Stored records
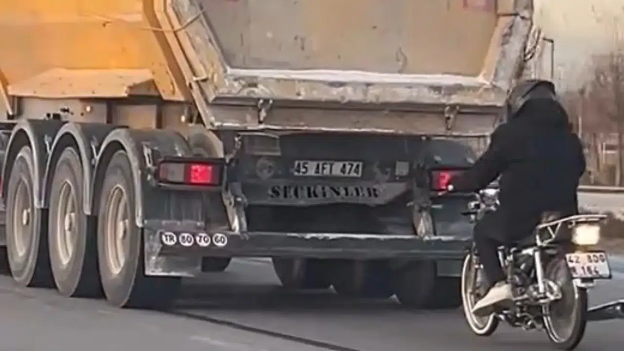 Konya’nın Selçuklu ilçesinde, Ankara Caddesi üzerinde seyir halindeki hafriyat tırını peşinden takip eden bir motosiklet sürücüsü, tehlikeli hareketleriyle yürekleri ağza getirdi. Olay, şehir merkezinden Ankara istikametine doğru ilerleyen tırın arkasında gerçekleşti. Motosiklet sürücüsü, tırın dorsesinin tamponuna zaman zaman yaklaşarak hem kendi güvenliğini hem de diğer sürücülerin güvenliğini ciddi şekilde riske attı.
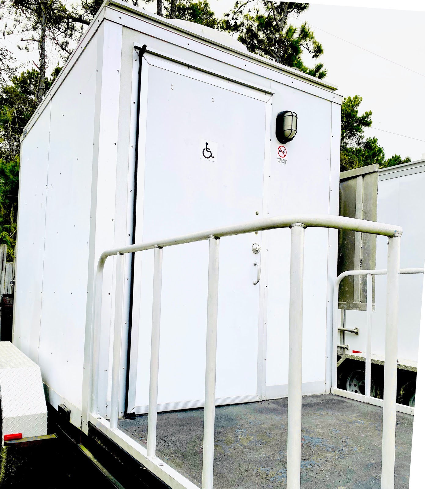 Our quality sanitation stations are modern alternatives to a traditional porta potty. Ensure every guest has easy access to your event restroom when you work with First Class Rentals.
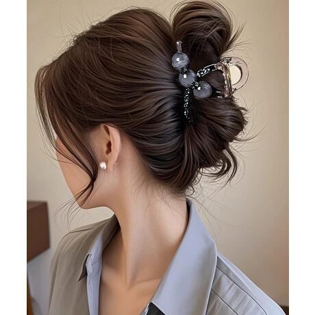 上品なビーズと繊細なラインストーンをあしらった、中サイズのバンスクリップです。
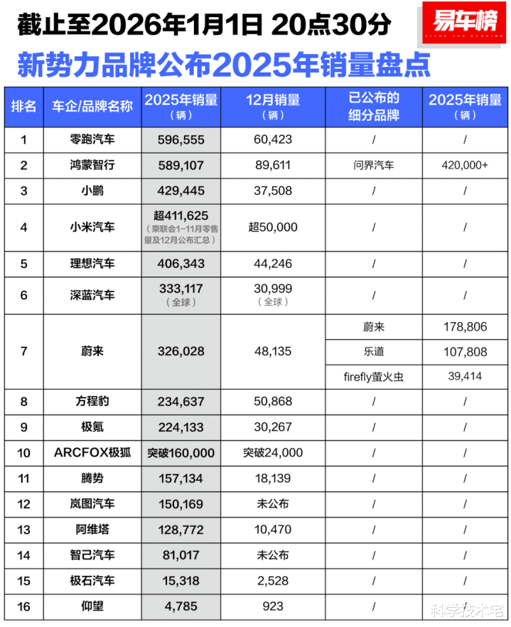 机构给出的数据显示,2025年新势力品牌销量前三的品牌分别为零跑汽车、鸿蒙智行、小米汽车(12月份交付量超5万正规合法的股票配资平台,加起来一定比小鹏汽车不到43万的年销量高);小米在2024年才推出第一款车型,第二年就能进入新势力前三,发展速度确实惊人。
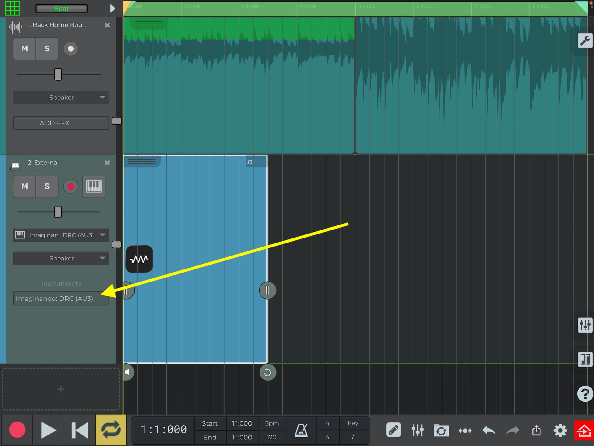 Use pinch to zoom to enlarge the tracks until you can read the instrument and effects list, then press AU3 as shown in the screenshot below.
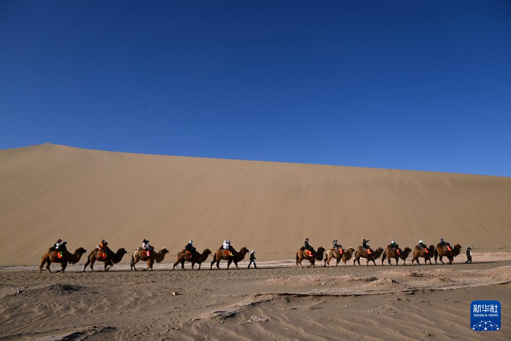 4月4日,游客在甘肃省敦煌市鸣沙山月牙泉景区游览。
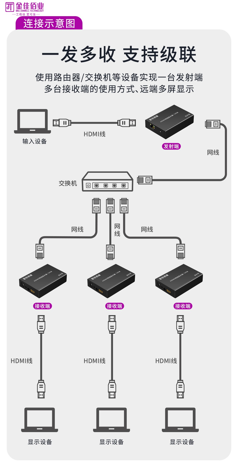 3.支持進(jìn)交換機(jī)級(jí)聯(lián),一發(fā)多收多屏顯示;
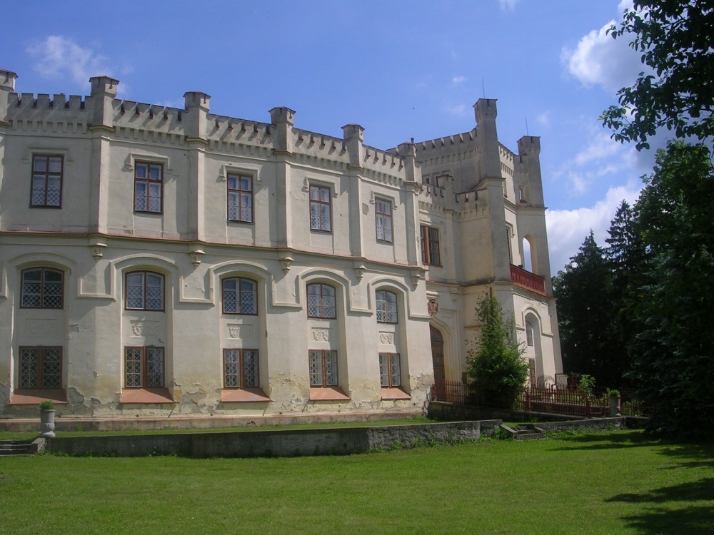 Jak jsem si předem v mapě zjistil, přes potok naproti nádraží je lávka a žlutá značka mě vede do pěkného stoupání vzhůru k zámku, který je sice v Bojkovicích, ale jmenuje se Světlov. Mírně opadávající zámek a zarostlý park. Škoda. V části zámku je uzavřený hotel. Pokus o privatizaci jako většinou. V malé části zámku je muzeum Bojkovicka. Krásné schodiště, návleky, vstupné 10 Kč. Těm 10 korunám ten koutek odpovídá.
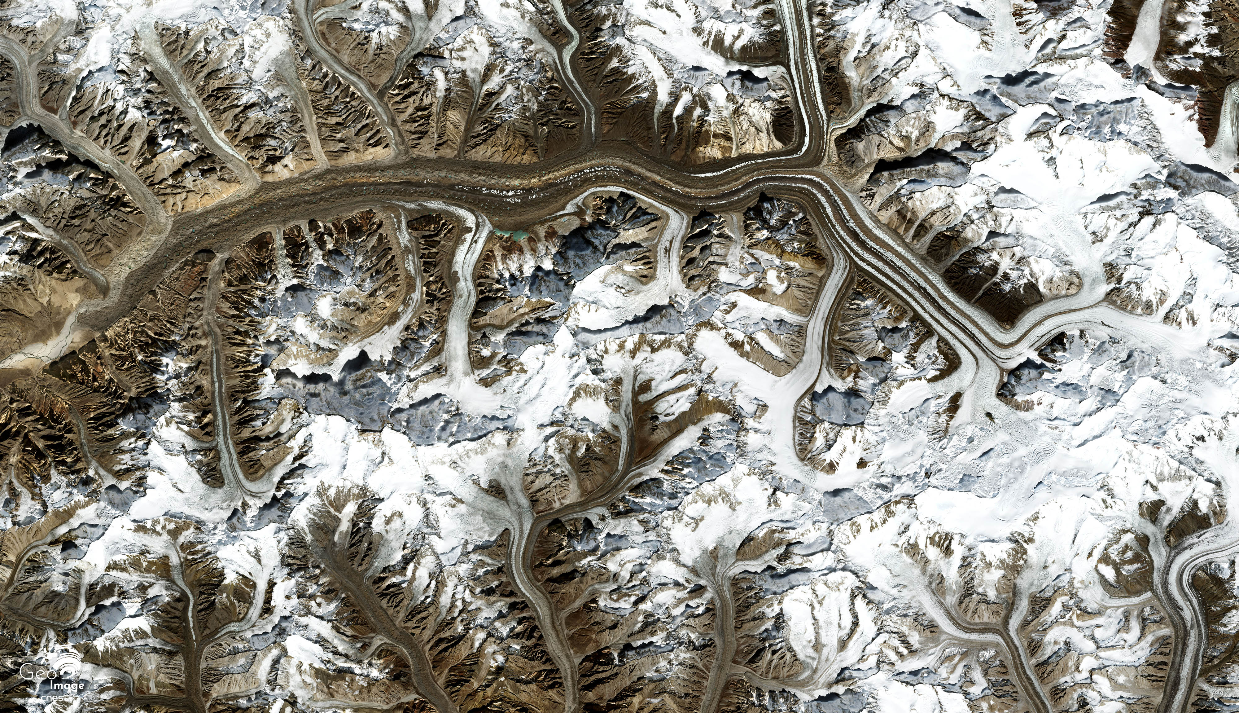 Située pour l’essentiel au Pakistan, cette image zoom est centrée sur le magnifique Baltoro Glacier, qui est un des plus longs glaciers du monde hors zones polaires, en mesurant 63 km. La fonte de ses eaux donne naissance à la Braldu River, qui est un émissaire de la rivière Shigar, qui se jette elle-même dans l’Indus à Skardu. Toute cette région sert donc de château d’eau et alimente les piémonts et basses terres, dont certaines désertiques, du Pakistan.
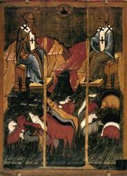 | Keywords: Icon of saint Blaise and Spiridonius.jpg Икона «Святой Власий и святой Спи идон» http //www intellectspb ru/icon/vlas_spir html 15-17 c anonymous PD-old-100 Icons of Saint Blaise Icons of Saint Spiridion Cows in art Files uploaded by Shakko from various sources Icons of saints with two persons |
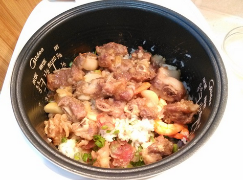 5.電飯鍋水開后倒入八成熟的排骨,同臘腸,加蓋燜到跳檔,出鍋放蔥花
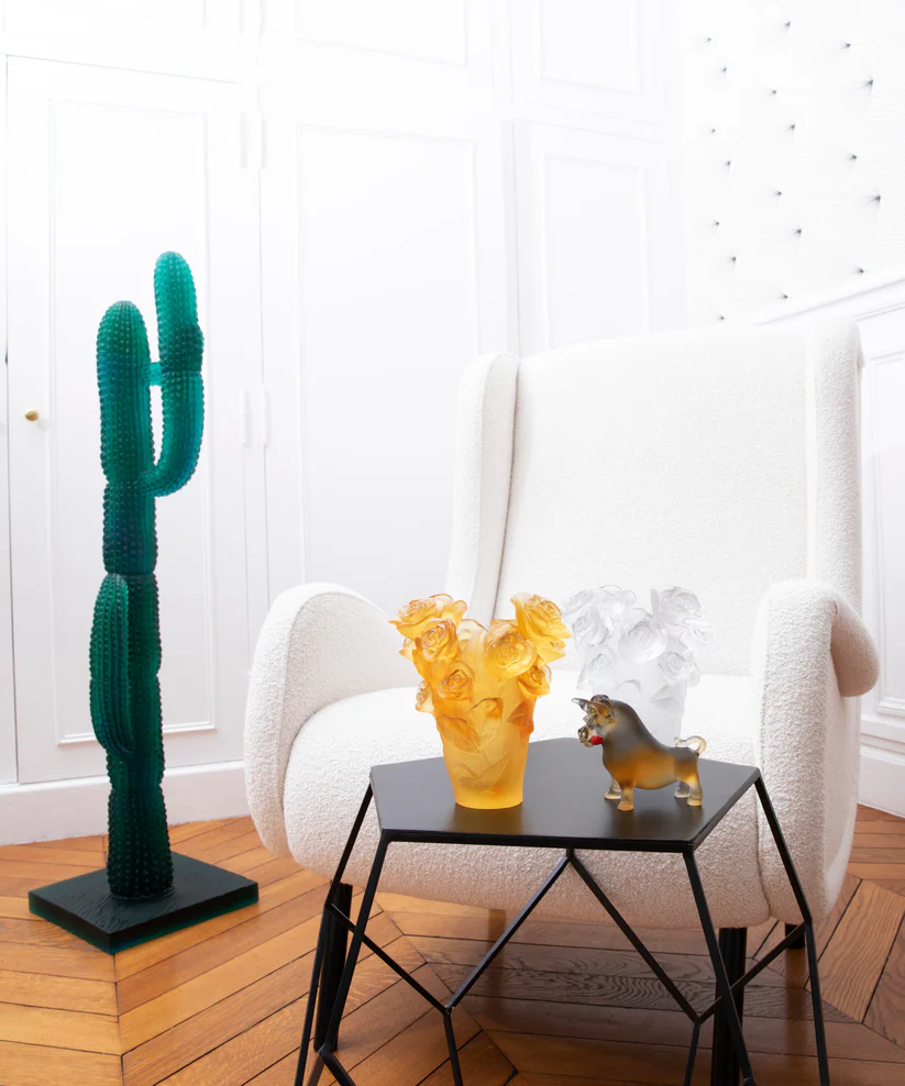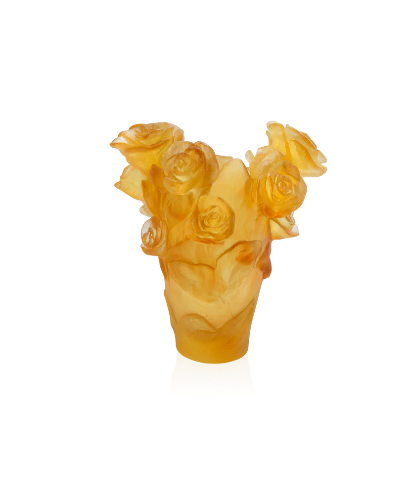 Ce vase Rose Passion Daum, inspiré des merveilles de la nature, rayonne de grâce et de vitalité telle une rose sauvage baignée de soleil dans les champs de Lorraine. Façonné & fabriqué à la main dans une pâte de verre (technique séculaire maîtrisée par Daum qui confère à chaque pièce une individualité unique), ce joyau de l’artisanat français se distingue par sa forme généreuse et ses nuances de jaune, capturant la lumière naturelle et créant des transparences colorées hypnotiques. Chaque regard posé sur ce vase est une invitation à la contemplation, à l’appréciation de la beauté de la nature capturée dans une forme cristalline vivante. Son éclat et son élégance sublimeront vos bouquets ou apporteront une touche de raffinement à votre espace, même lorsqu’il est vide. Création unique de la prestigieuse cristallerie Daum. Édition numérotée.

■ **Directions**
Return only the part above that opens with the line containing "4月4日,游客在甘肃省敦煌市鸣沙山月牙泉景区游览。" and closes with the line containing "3.支持進(jìn)交換機(jī)級(j", exactly and with both ends, skipping the pictures.

■ **Exercise response**
 4月4日,游客在甘肃省敦煌市鸣沙山月牙泉景区游览。
 3.支持進(jìn)交換機(jī)級(jí)聯(lián),一發(fā)多收多屏顯示;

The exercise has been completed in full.